Instructions to follow. Exclude images, then output the remaining data verbatim.

Top of Available data

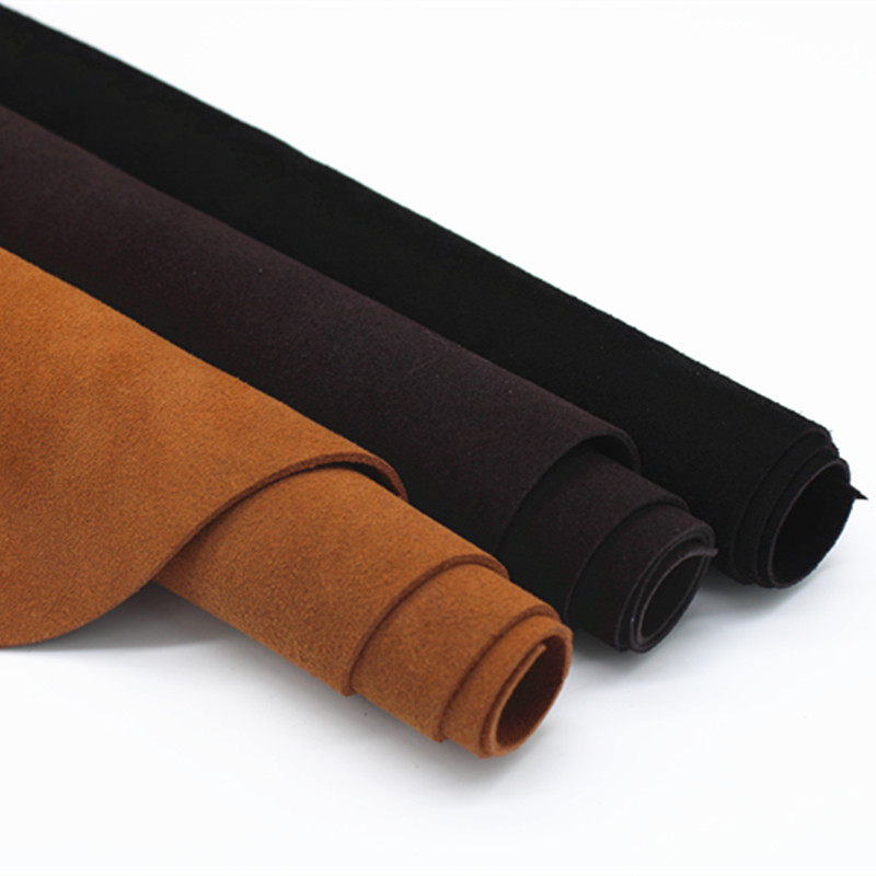 Cowhide leather material Leather turned fur double-sided velvet Black leather material Brown suede DIY handmade leather material
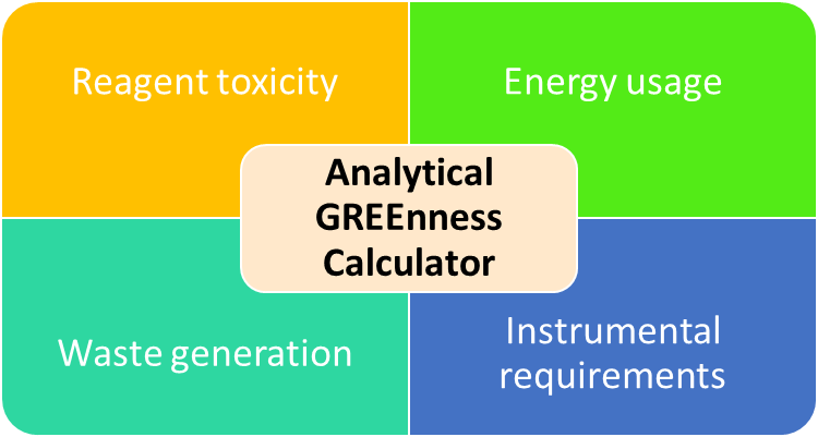 The Analytical GREEnness Calculator is a digital tool based on the 12 principles of Green Analytical Chemistry. It quantitatively assesses analytical methods by scoring them from 0 to 1 in categories like:
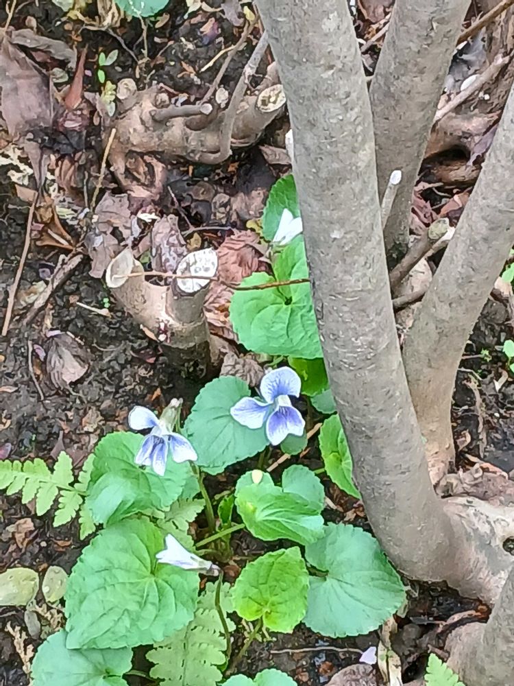 ⑤土佐水木の根元は毎年アメリカスミレサイシンが咲いています。

Bottom of Available data

Problem solution.
 Cowhide leather material Leather turned fur double-sided velvet Black leather material Brown suede DIY handmade leather material
 The Analytical GREEnness Calculator is a digital tool based on the 12 principles of Green Analytical Chemistry. It quantitatively assesses analytical methods by scoring them from 0 to 1 in categories like:
 ⑤土佐水木の根元は毎年アメリカスミレサイシンが咲いています。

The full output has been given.